Emerging research findings support that amino acid supplementation may be a safe and effective treatment of depressed mood. To date, most human clinical trials have investigated single amino acids such as 5-HTP or l-tyrosine, and have not examined complex relationships between 5-HTP and l-tyrosine or other amino acids that may play important roles in synthesis of neurotransmitters involved in mood regulation. A balanced approach to amino acid supplementation with 5-HTP and l-tyrosine, the essential precursors of serotonin and dopamine, may provide an important integrative strategy for management of depressed mood.
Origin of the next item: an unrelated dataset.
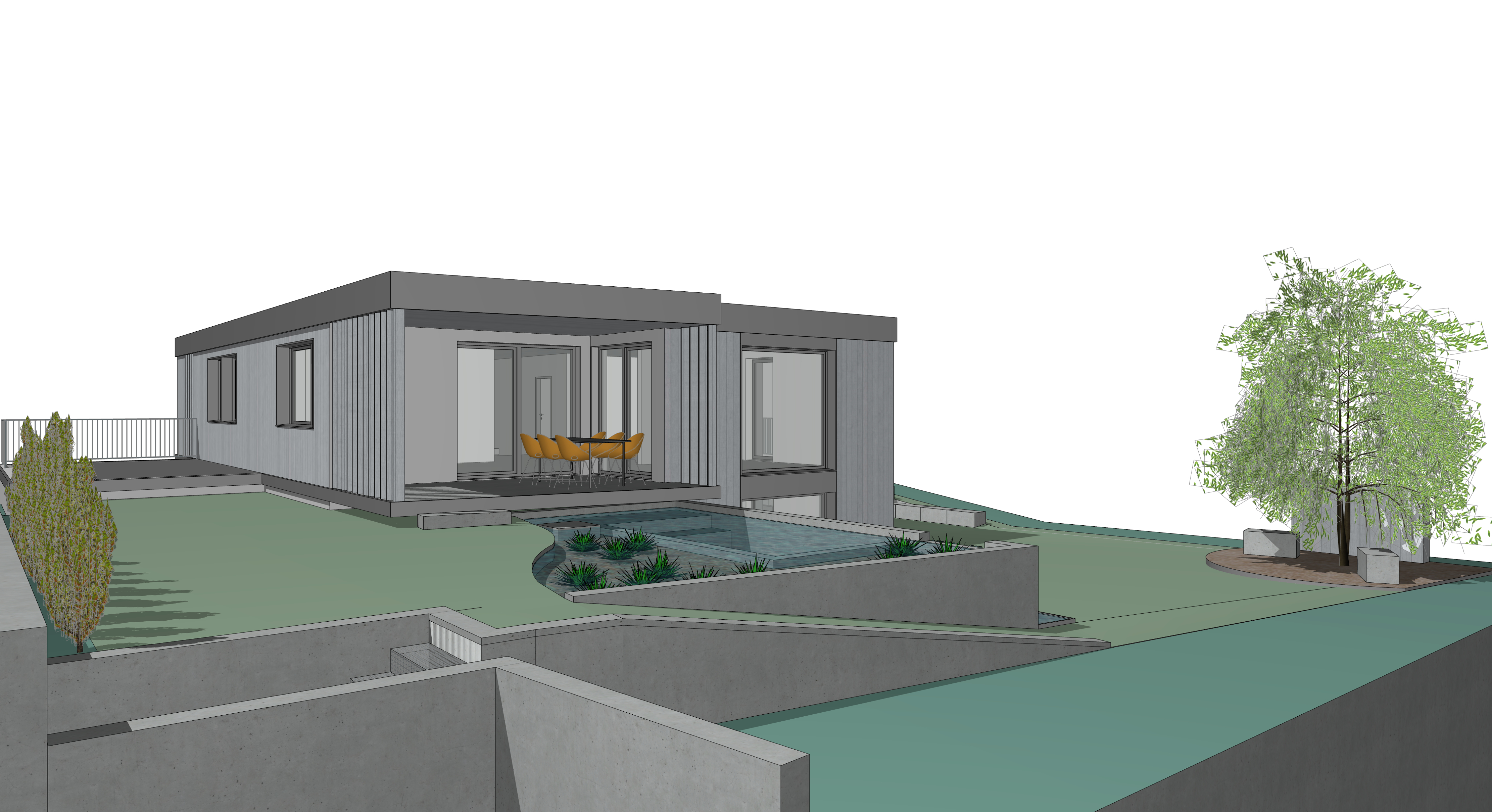 Das in die Jahre gekommene Haus in einer Wohnsiedlung entspricht nicht den Anforderungen der neuen Besitzer. Auf das leicht adaptierte Kellergeschoss wurde ihr Traum von Wohnen in einer zeitgemässen Bauweise aus Holzelementen verwirklicht.

Achieving optimal antidepressant response using this approach involves finding the optimal balance of amino acids. Large placebo-controlled studies conducted by independent researchers are needed to elucidate complex relationships between amino acid precursors and neurotransmitters involved in mood regulation, and to determine practical, safe strategies for amino acid supplementation for management of depressed mood and possibly other psychiatric disorders.